** Opening EXCERPTED RECORDS block **

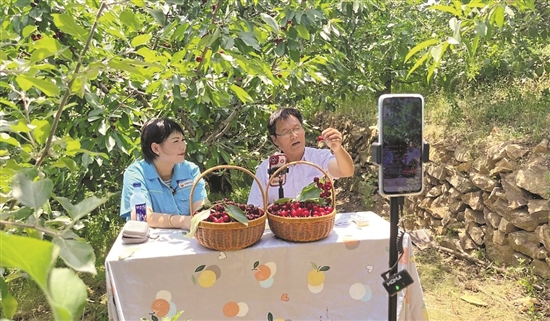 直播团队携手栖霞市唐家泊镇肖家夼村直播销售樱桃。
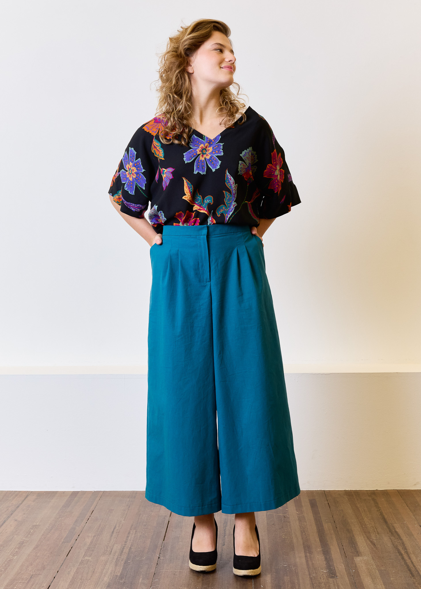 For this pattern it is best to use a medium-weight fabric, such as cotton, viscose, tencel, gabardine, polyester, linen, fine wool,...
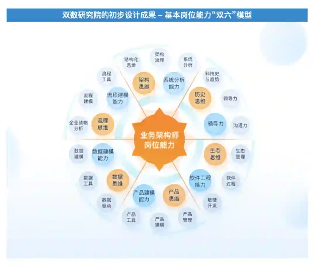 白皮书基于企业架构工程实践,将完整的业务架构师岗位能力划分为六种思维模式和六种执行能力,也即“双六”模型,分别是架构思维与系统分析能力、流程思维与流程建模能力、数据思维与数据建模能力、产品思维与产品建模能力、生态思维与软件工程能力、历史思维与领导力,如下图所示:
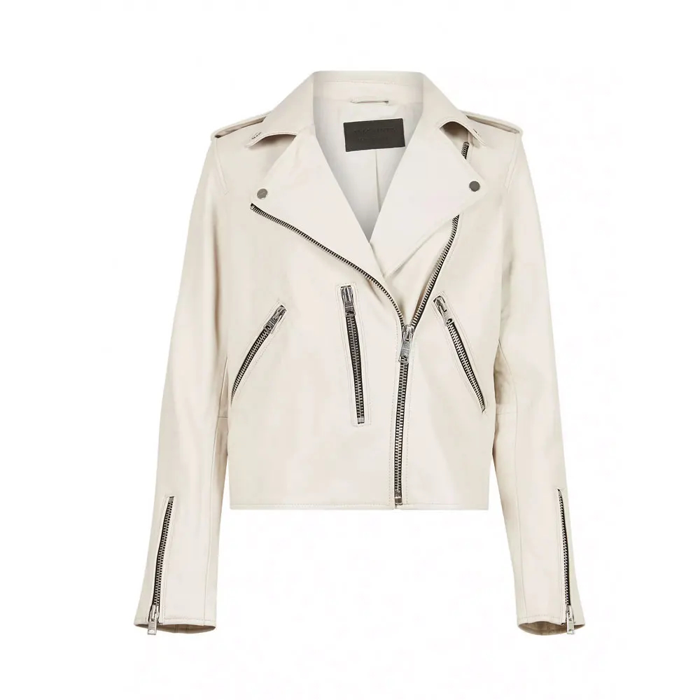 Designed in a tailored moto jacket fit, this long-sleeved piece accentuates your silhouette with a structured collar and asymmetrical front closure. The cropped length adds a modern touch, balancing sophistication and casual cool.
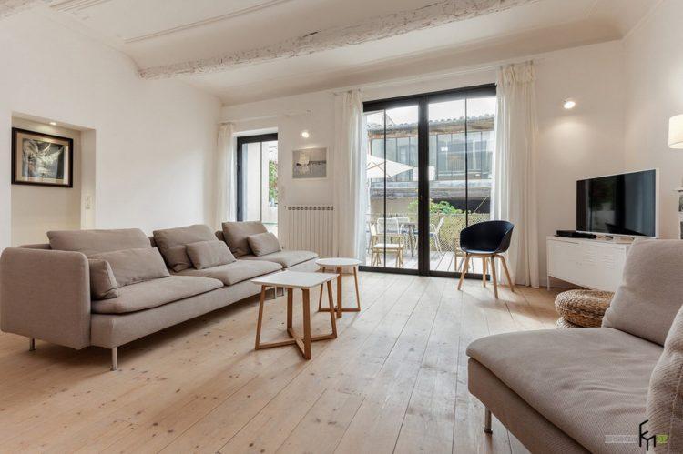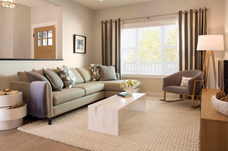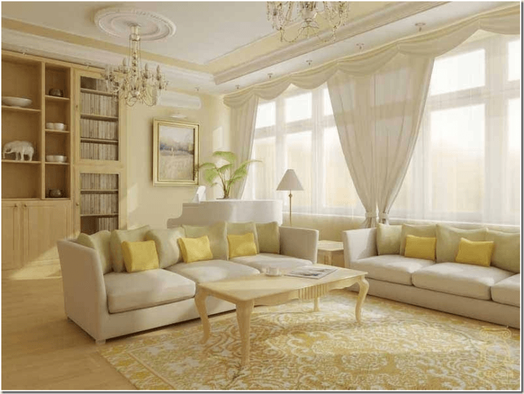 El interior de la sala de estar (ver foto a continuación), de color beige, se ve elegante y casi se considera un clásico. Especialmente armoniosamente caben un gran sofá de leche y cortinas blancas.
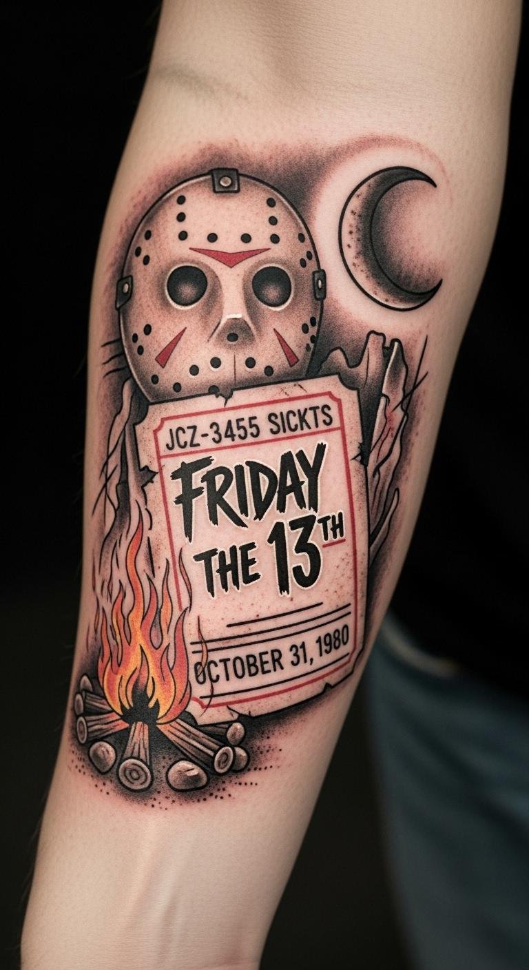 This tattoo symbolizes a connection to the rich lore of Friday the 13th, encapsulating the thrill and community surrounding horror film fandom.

** Closing EXCERPTED RECORDS block **

• WORK INSTRUCTIONS: Above are the records; print them all exactly and keep the pictures out.

• ANSWER BOX:
 直播团队携手栖霞市唐家泊镇肖家夼村直播销售樱桃。
 For this pattern it is best to use a medium-weight fabric, such as cotton, viscose, tencel, gabardine, polyester, linen, fine wool,...
 白皮书基于企业架构工程实践,将完整的业务架构师岗位能力划分为六种思维模式和六种执行能力,也即“双六”模型,分别是架构思维与系统分析能力、流程思维与流程建模能力、数据思维与数据建模能力、产品思维与产品建模能力、生态思维与软件工程能力、历史思维与领导力,如下图所示:
 Designed in a tailored moto jacket fit, this long-sleeved piece accentuates your silhouette with a structured collar and asymmetrical front closure. The cropped length adds a modern touch, balancing sophistication and casual cool.
 El interior de la sala de estar (ver foto a continuación), de color beige, se ve elegante y casi se considera un clásico. Especialmente armoniosamente caben un gran sofá de leche y cortinas blancas.
 This tattoo symbolizes a connection to the rich lore of Friday the 13th, encapsulating the thrill and community surrounding horror film fandom.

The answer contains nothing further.